▶ [TASK DESCRIPTION] In the records below, find the line with "bracelet cordon femme", then retype it and every following line exactly, stopping after the line with "9 peças conjunto". Leave the pictures out.

(INPUT MATERIAL)

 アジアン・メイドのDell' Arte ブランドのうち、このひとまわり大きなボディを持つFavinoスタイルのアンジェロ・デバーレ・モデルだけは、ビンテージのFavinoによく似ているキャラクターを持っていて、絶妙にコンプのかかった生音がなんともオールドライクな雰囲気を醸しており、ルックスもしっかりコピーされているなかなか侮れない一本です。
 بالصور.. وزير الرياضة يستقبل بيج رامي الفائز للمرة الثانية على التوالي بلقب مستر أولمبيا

(End INPUT MATERIAL)
(INPUT MATERIAL)

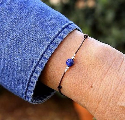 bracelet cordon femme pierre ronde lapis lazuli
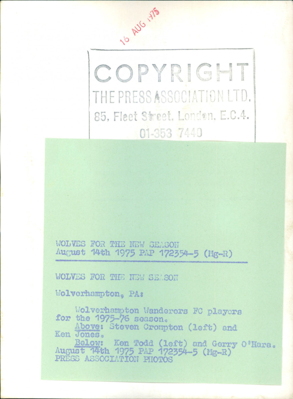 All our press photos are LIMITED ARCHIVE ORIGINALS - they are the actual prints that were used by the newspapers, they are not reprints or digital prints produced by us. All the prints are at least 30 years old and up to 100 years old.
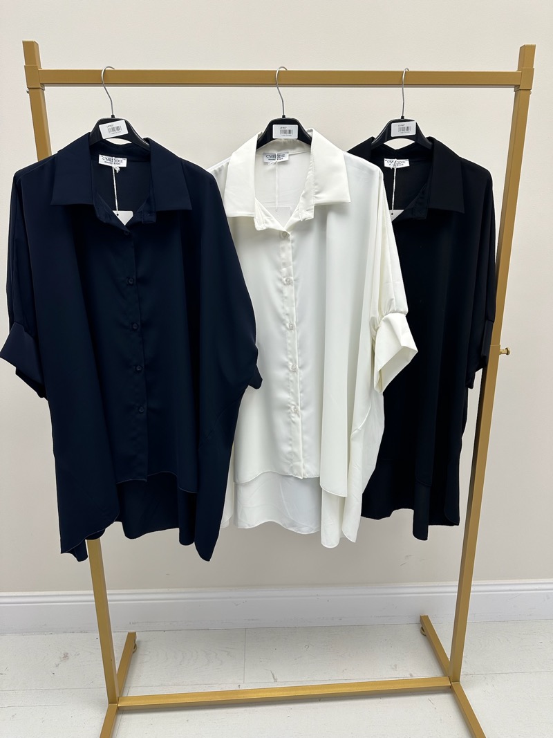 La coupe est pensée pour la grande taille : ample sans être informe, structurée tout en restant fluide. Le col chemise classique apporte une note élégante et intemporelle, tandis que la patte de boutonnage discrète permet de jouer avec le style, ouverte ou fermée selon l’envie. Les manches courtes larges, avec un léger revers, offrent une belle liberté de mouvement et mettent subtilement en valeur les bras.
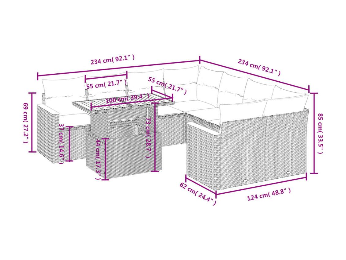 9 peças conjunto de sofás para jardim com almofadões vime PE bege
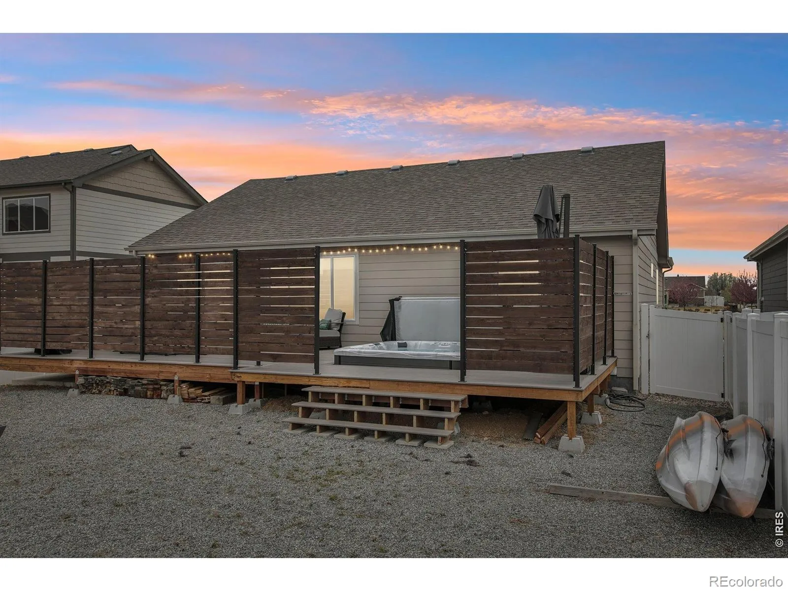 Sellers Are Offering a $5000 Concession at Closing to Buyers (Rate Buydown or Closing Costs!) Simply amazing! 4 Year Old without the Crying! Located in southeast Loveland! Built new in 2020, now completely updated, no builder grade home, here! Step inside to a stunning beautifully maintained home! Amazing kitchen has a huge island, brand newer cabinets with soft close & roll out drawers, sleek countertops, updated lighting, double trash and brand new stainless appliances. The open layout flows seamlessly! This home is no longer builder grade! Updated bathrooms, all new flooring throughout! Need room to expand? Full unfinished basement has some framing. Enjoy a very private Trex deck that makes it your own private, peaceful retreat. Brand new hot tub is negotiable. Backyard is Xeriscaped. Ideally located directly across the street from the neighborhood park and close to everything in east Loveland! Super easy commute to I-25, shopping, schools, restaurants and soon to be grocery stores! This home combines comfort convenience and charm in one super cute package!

(End INPUT MATERIAL)
(INPUT MATERIAL)

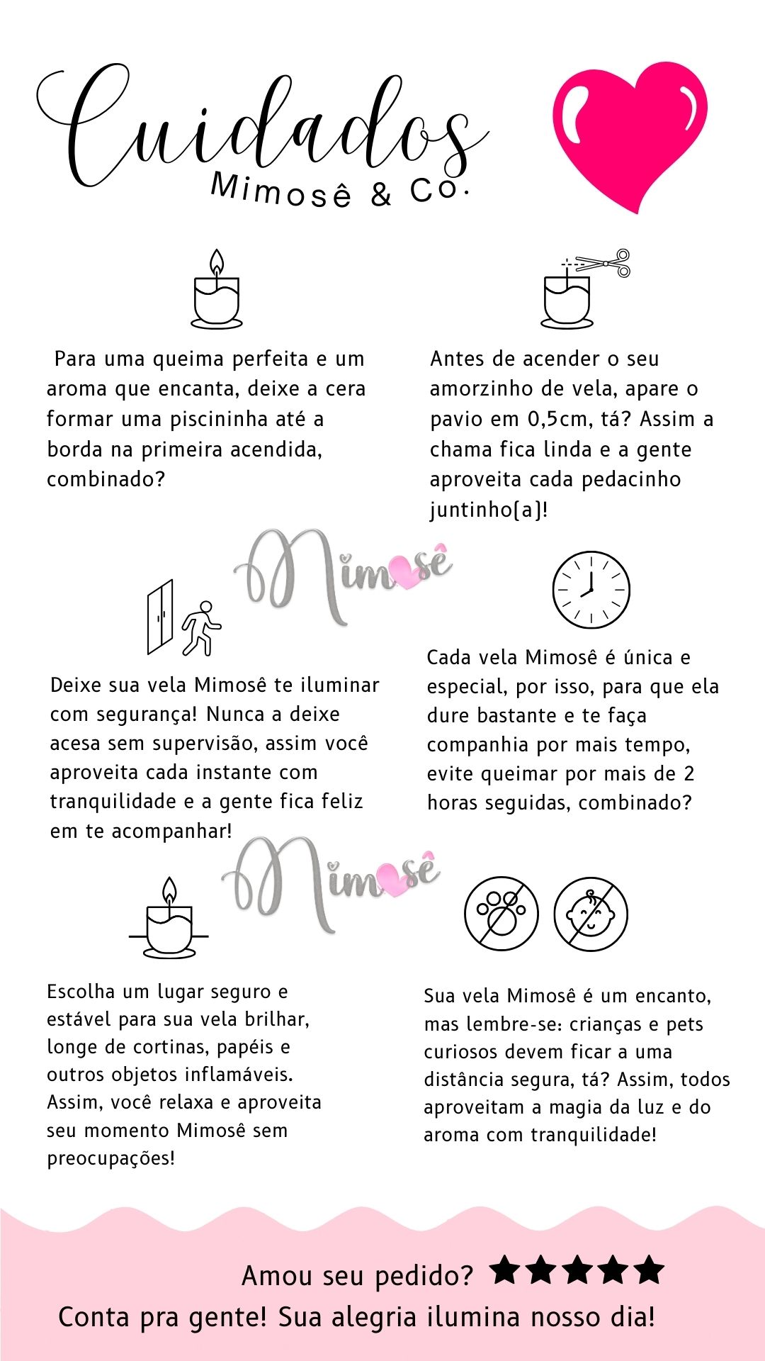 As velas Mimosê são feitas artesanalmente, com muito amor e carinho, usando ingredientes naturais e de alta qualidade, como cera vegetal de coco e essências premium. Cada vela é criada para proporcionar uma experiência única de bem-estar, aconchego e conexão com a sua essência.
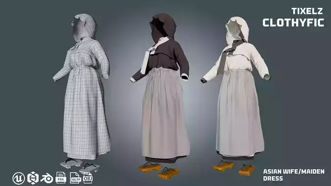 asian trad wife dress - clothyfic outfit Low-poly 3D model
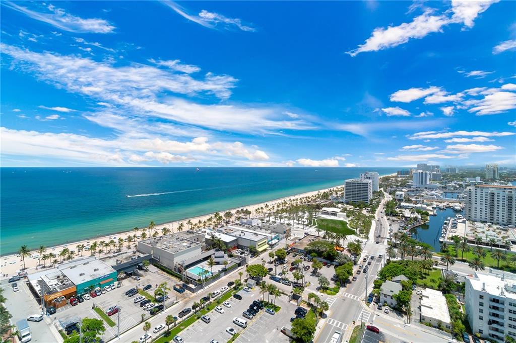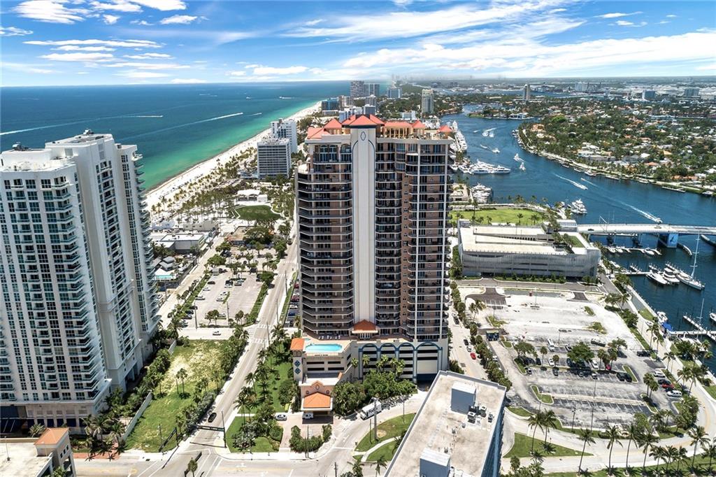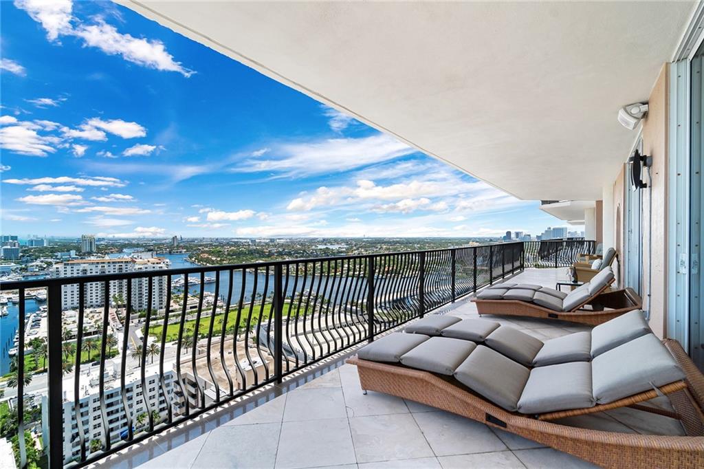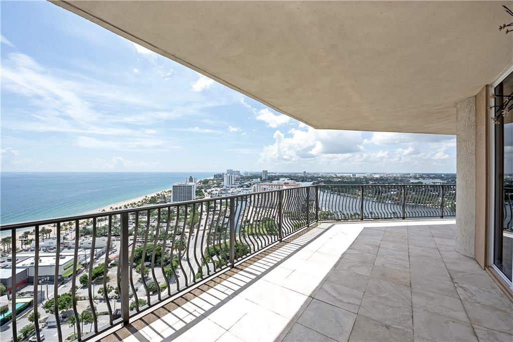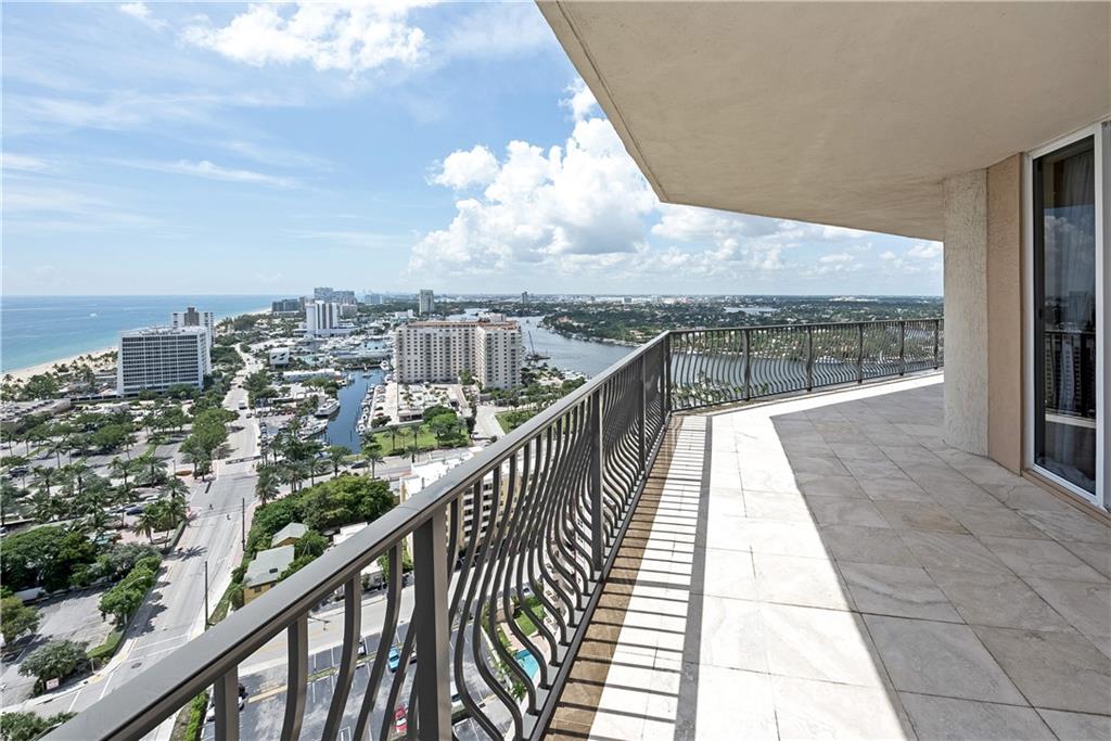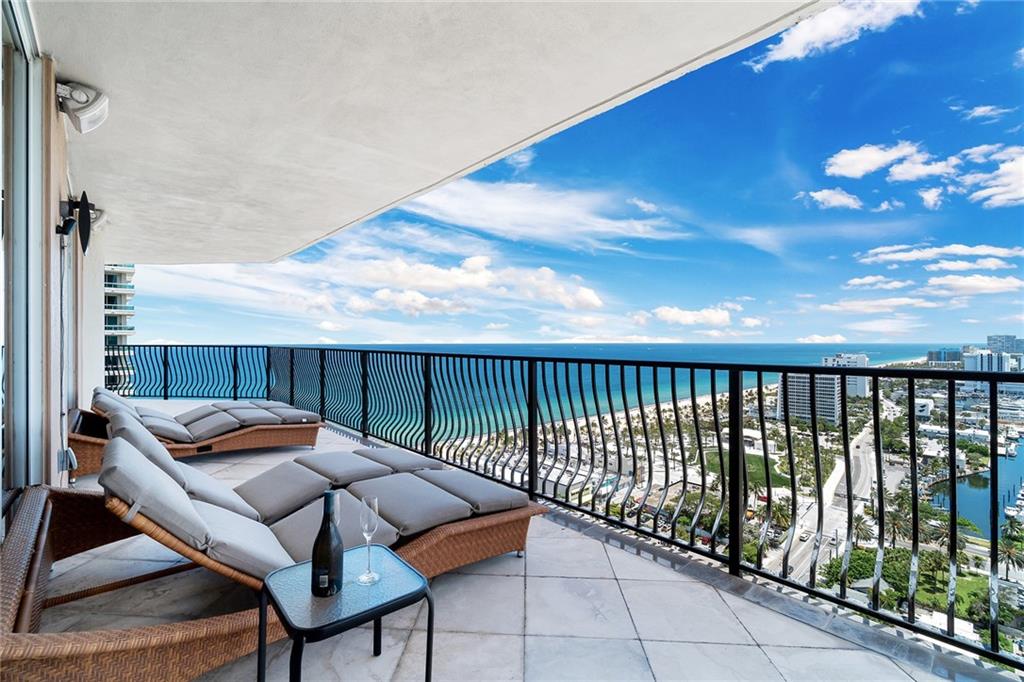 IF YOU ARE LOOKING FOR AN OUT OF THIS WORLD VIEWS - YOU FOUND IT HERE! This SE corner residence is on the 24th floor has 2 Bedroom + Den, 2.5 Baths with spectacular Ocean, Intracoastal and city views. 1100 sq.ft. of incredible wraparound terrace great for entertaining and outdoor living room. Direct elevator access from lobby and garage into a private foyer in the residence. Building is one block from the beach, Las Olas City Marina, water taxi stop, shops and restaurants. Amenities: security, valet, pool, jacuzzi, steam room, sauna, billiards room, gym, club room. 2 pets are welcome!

(End INPUT MATERIAL)

▶ [EXERCISE RESPONSE]
 bracelet cordon femme pierre ronde lapis lazuli
 All our press photos are LIMITED ARCHIVE ORIGINALS - they are the actual prints that were used by the newspapers, they are not reprints or digital prints produced by us. All the prints are at least 30 years old and up to 100 years old.
 La coupe est pensée pour la grande taille : ample sans être informe, structurée tout en restant fluide. Le col chemise classique apporte une note élégante et intemporelle, tandis que la patte de boutonnage discrète permet de jouer avec le style, ouverte ou fermée selon l’envie. Les manches courtes larges, avec un léger revers, offrent une belle liberté de mouvement et mettent subtilement en valeur les bras.
 9 peças conjunto de sofás para jardim com almofadões vime PE bege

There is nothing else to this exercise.